En las casas payesas de Ibiza el agua constituía el bien más preciado. Por eso, las mayores infraestructuras que se construían, junto con las majestuosas almazaras, estaban destinadas a garantizar el suministro. Los tejados escalonados recogían cada gota que caía del cielo y la derivaban a la cisterna, a la que habitualmente se accedía desde el porche. Los hogares que además tenían una era, disponían de aljibe aledaño. Pese a todo, cuando llegaban las sequías del estío, las reservas se consumían enseguida y la casa payesa se veía abocada a subsistir sin su recurso más importante.
La única alternativa, salvo para las familias privilegiadas con tierras de regadío cerca de fuentes o manantiales, eran los pozos. Se ubicaban en fincas particulares, cerca de las caminos, pero su uso era público. El origen de la mayoría es incierto pero, sin duda, constituyen el legado de los zahoríes de la antigüedad; hombres especialmente dotados para percibir el agua. Armados habitualmente con un péndulo o una rama en forma de “Y”, eran capaces de detectar las arterias y ramificaciones de los manantiales subterráneos, y así elegir puntos estratégicos para excavar en vertical hacia vetas superficiales.
Hoy en día los zahoríes siguen existiendo y utilizan las mismas técnicas. La gente del campo acude mayoritariamente a ellos para que les marquen el punto exacto donde perforar.

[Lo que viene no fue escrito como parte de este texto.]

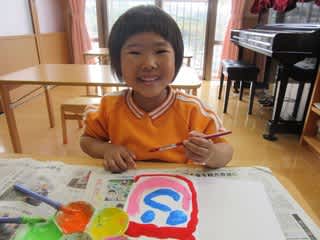 デカルコマニーという方法ですが、画用紙を開くまでどんな模様になっているかわからないのでワクワク(^_-)
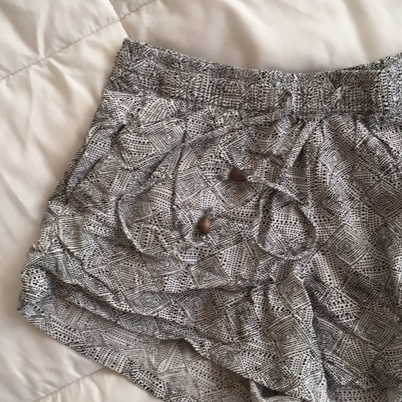 Flowy shorts from Old Navy! Wooden beads at the end of the drawstrings. Wrinkled from storage. Worn once! Since they are meant to be flowy, they do fit a little loose around the legs for an XS. 100% rayon.
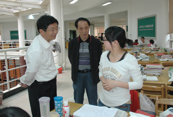 5月6日下午,党委书记何小祥,党委委员、副院长时新中在学生处负责同志陪同下,视察了龙山校区文溯楼学生“四成”服务大厅和励志林。
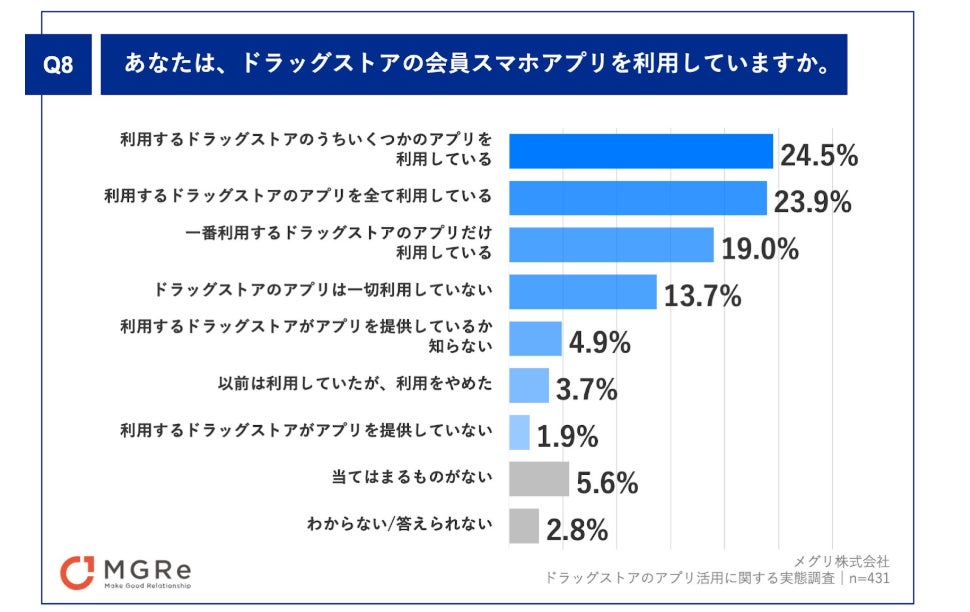 「Q8.あなたはドラッグストアの会員アプリを利用していますか?」という質問に対し、「いくつかのアプリを利用している」が24.5%、「利用しているアプリを全て使用している」が23.9%、「一番利用しているドラッグストアのアプリだけを利用」という回答が19.0%でした。
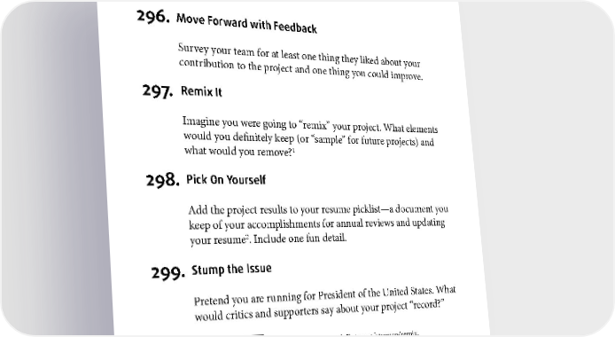 EVALUATION 296. Move Forward with Feedback Survey your team for at least one thing they liked about your contribution to the project and one thing you could improve. 297. Remix It Imagine you were going to “remix” your project. What elements would you definitely keep (or “sample” for future projects) and 1 what would you remove? 298. Pick On Yourself Add the project results to your resume picklist—a document you keep of your accomplishments for annual reviews and updating 2 your resume . Include one fun detail. 299. Stump the Issue Pretend you are running for President of the United States. What would critics and supporters say about your project “record?” 1 Get inspired by some of the best remixes of all time at htww.co/remix. 2 You do have an “accomplishments picklist” right? 153
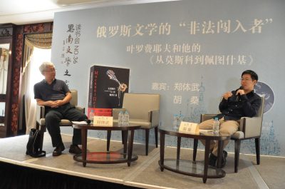 10月4日下午,上海思南公馆的文学之家里,一场关于俄罗斯后现代作家叶罗费耶夫与他的代表作《从莫斯科到佩图什基》(漓江出版社2014年8月版)的沙龙,吸引了来自社会各界的近百位读者。上海外国语大学的俄罗斯文学专家郑体武,诗人、新锐批评家胡桑,应邀与大家分享了这位俄罗斯文学的“非法闯入者”,跟随主人公踏上从莫斯科到佩图什基的列车,展开一场俄罗斯的“异样的文学”之旅。
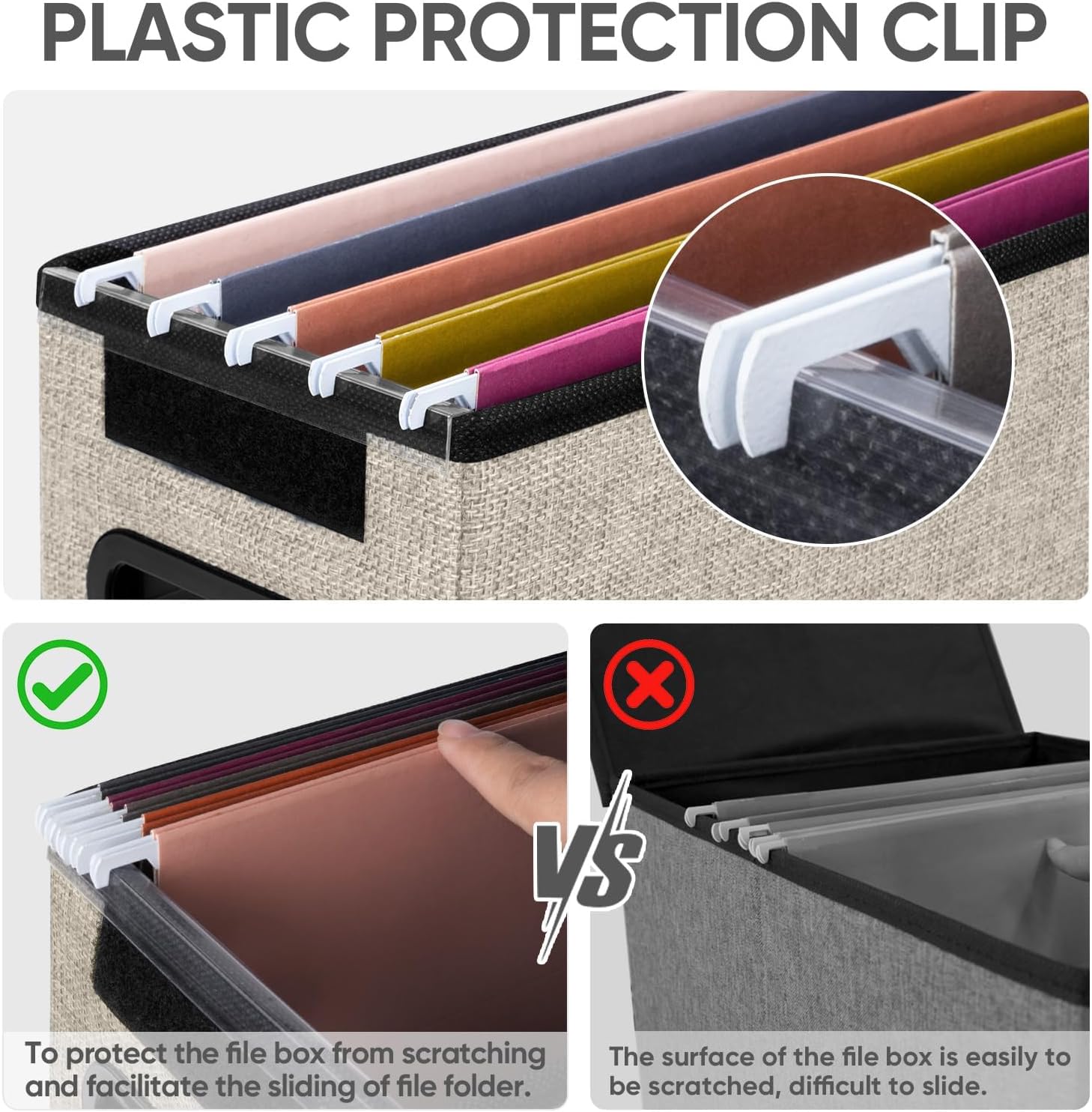 - [UNIVERSAL SIZE] Our file box with lid fits letter-sized files. It is designed for efficiency and functionality, with its smooth PVC slide rails on both sides, you can effortlessly slide file folders for easy access and neatly arranged. The lid fits snugly on the box after hanging folders. (NOTE: file folders are not included)

Dado el elevado coste de la operación, la precisión es imprescindible y algunos zahoríes cuentan con un historial de aciertos elevadísimo.

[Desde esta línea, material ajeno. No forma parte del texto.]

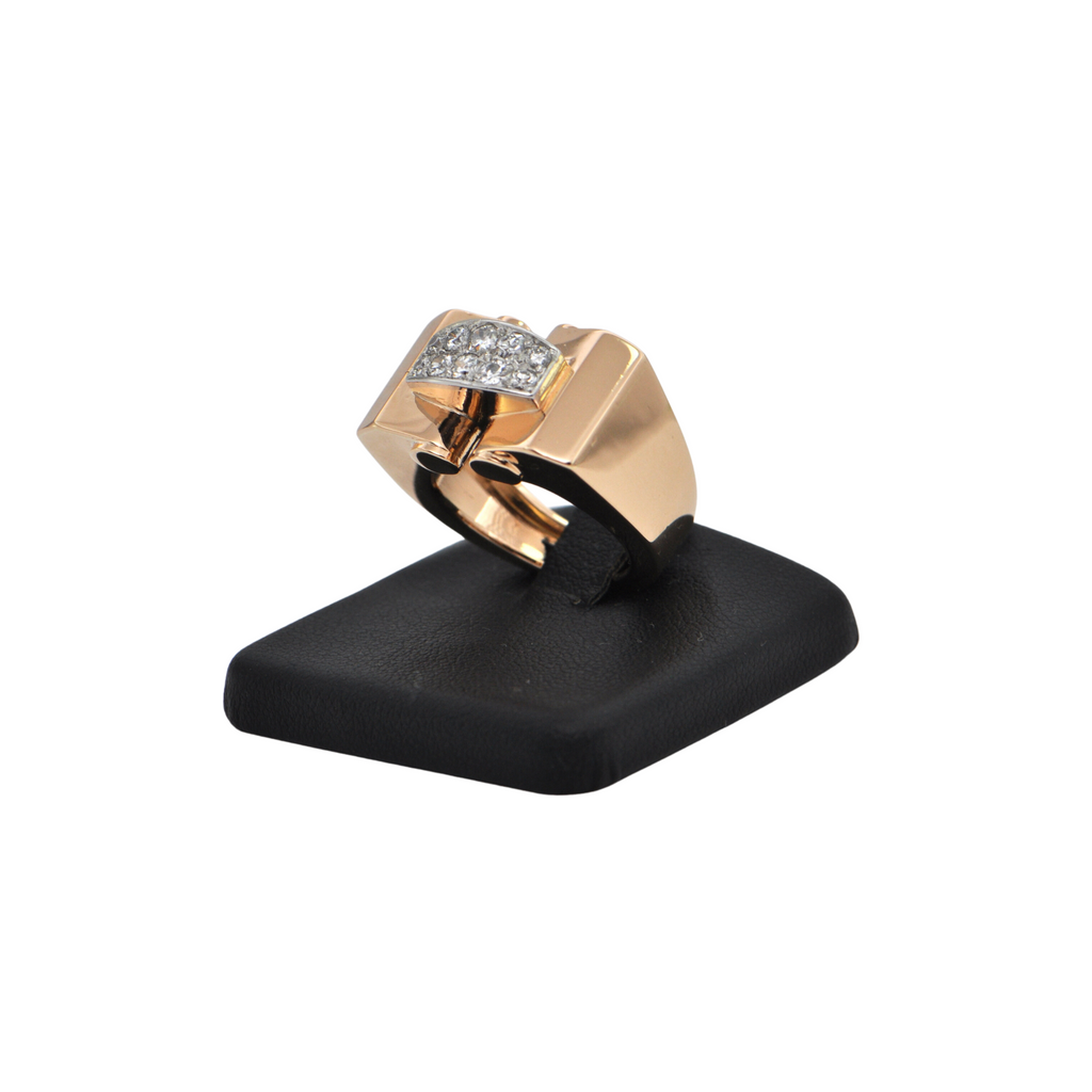 Elegant French early retro high polish 18k rose gold diamond ring circa 1930.
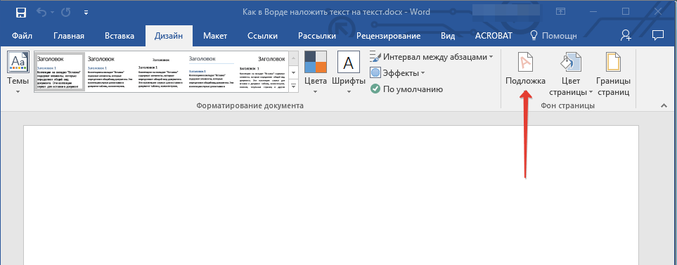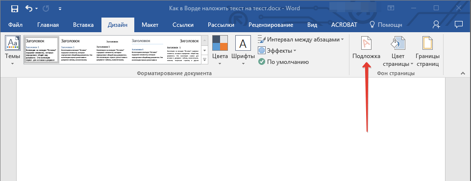 2. В группе “Фон страницы” нажмите на кнопку “Подложка”.
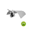 Il riflettore Lumi include un portalampada regolabile, compatibile con tutte le lampadine al sodio ad alta pressione, quelle a ioduri metallici o con le lampadine a basso consumo.
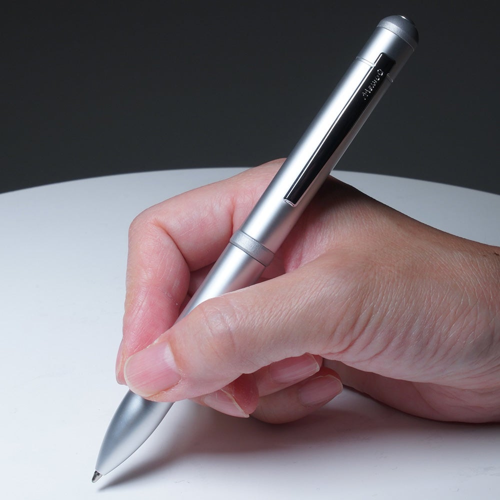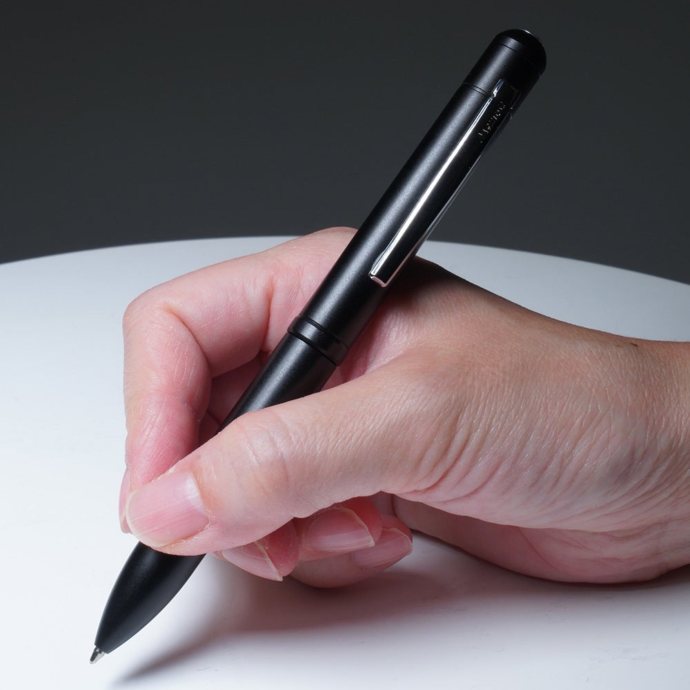 録音して残す。書いて残す。この2つ“記録”と“記憶”をテーマに開発された、ペン型ボイスレコーダーの本来の目的は録音。だけでなく、筆記用具であることを重視してボールペンであることに重点を置いたデザイン、仕上げをいたしました。
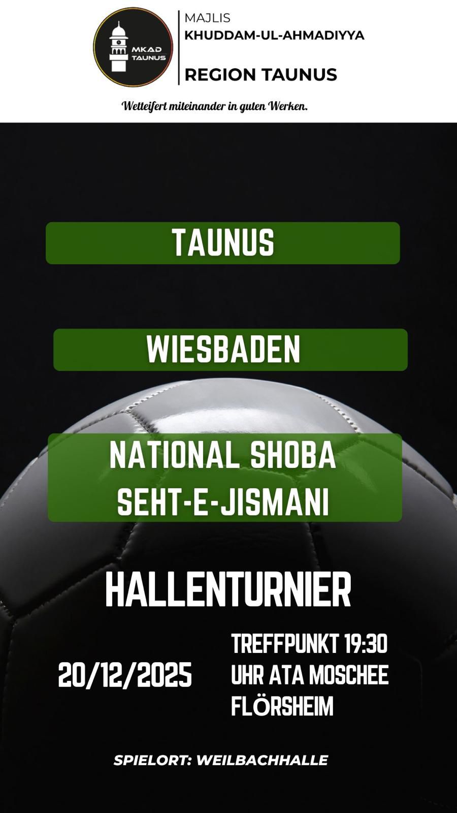 Am 20.12.2025 fand in der Weilbachhalle ein Hallenturnier der Majlis Khuddam-ul-Ahmadiyya Taunus statt. Am Turnier nahmen Taunus, Wiesbaden sowie ein Team der Nationalen Shoba Seht-e-Jismani teil.
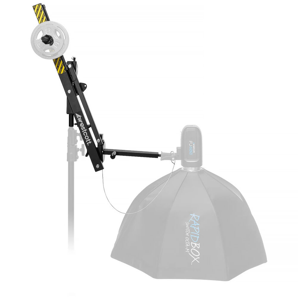 Designed for precise positioning of your fixture, the Easy Boom from Westcott features a 26" boom arm extension for a full range of motion and 360° rotation. With a durable and sturdy design, the boom supports up to 15 lb of lighting equipment. Thanks to its brass bearings, it offers smooth movement and placement at any height or angle. Unlike traditionally heavy and bulky booms, the Easy Boom is compact enough for photo and video makers working with limited studio space. Made to simplify your lighting setup, the Easy Boom lives up to its name. It is a great asset for studios or production sets and is easy and quick to work with.
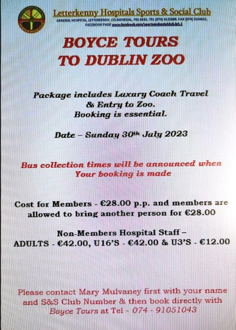 We have a wonderful trip with Boyce’s Tours to Dublin Zoo. Please see the poster attached for all of the information & booking details. Please book early to avoid disappointment. Posted by0860801074mJune 22, 2023Posted inUncategorized Share this: Click to share on X (Opens in new window) X Click to share on Facebook (Opens in new window) Facebook Like Loading...

Uno de los pozos legendarios de la isla, es Pou d’en Benet, está rodeado por una corona de piedra y aguarda en la carretera de Benimussa, casi llegando a Sant Josep, en la finca del mismo nombre. Su origen constituye un misterio, aunque nadie pone en duda su antigüedad. Aquellos que hemos nacido con grifos en casa nos resulta insólito imaginar una vida sin agua corriente, pero en Ibiza buena parte de los esfuerzos cotidianos se destinaban a obtenerla, acumularla y gastarla con la mayor de las austeridades.
A diferencia de lo que ocurría en vergeles como es Broll de Buscastell o es Torrent des Berris, en Sant Josep, donde los tiempos del agua estaban repartidos con precisión milimétrica y hasta se reconocían en las escrituras de propiedad, en el pozo de Benimussa no había turnos ni se establecían cantidades máximas. El primero que llegaba era el primero que llenaba, y el siguiente aguardaba su turno. El agua se extraía a cubos, que se subían con una polea. Algunos campesinos de Benimussa eran increíblemente habilidosos en el arte de izar el cubo. Mientras tiraban con las manos, se enroscaban la cuerda en el pie y de una patada arrastraban con fuerza, haciendo que el balde subiera en un instante.

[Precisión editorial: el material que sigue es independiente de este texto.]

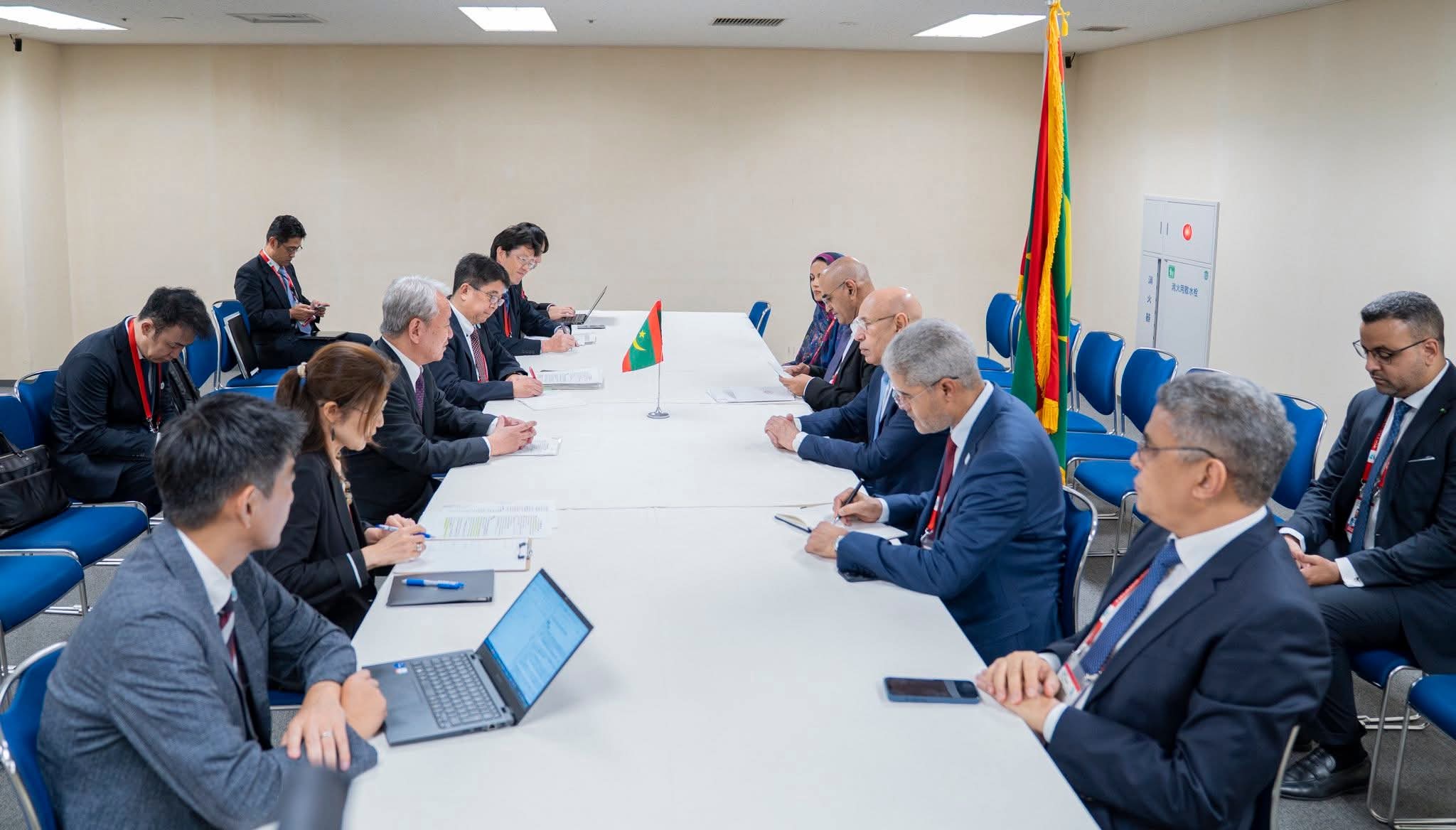 عقد رئيس الجمهورية، السيد محمد ولد الشيخ الغزواني، على هامش مشاركته في النسخة التاسعة من مؤتمر طوكيو الدولي للتنمية في إفريقيا (TICAD 9)، سلسلة لقاءات مع عدد من رؤساء ومديري كبريات الشركات اليابانية، من بينها SARAYA، HANWA KOGYO، Japan Tuna وTOYOTA TSUSHO، تم خلالها بحث سبل تعزيز الاستثمارات في القطاعات الواعدة بموريتانيا، وتطوير مجالات التعاون الفني.
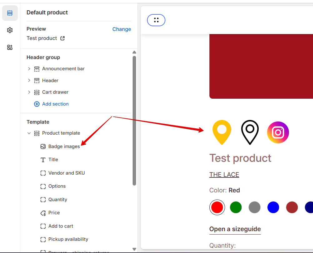 Now, navigate to the Theme customizer -> Product page -> Product template, and add the "Badge images" block to the template, and the images will be displayed on the page.

El agua se transportaba en jarras o en pequeñas barricas, que se cargaban en el carro. Y, en lugar de trasladar agua a los corrales para que el ganado bebiera, se hacía al revés: mulas, cabras y ovejas eran conducidas al abrevadero anexo al pozo. El 25 de julio, día de Sant Jaume, antaño festivo, un vecino diferente –se rotaba entre las familias– organizaba el baile y se ocupaba de elaborar buñuelos y traer fruta y vino payés. Se vendía todo a precios económicos y lo recaudado iba a parar a la familia organizadora.
En la actualidad, la fiesta se traslada al domingo más cercano a esta festividad, es decir, hoy mismo, al atardecer. Una tradición que agradece la bendición del agua –el regalo que nos brindaron aquellos zahoríes–, y que nos mantiene conectados a la Ibiza que fuimos; esa que aún late bajo la superficie, fluyendo a través de los manantiales.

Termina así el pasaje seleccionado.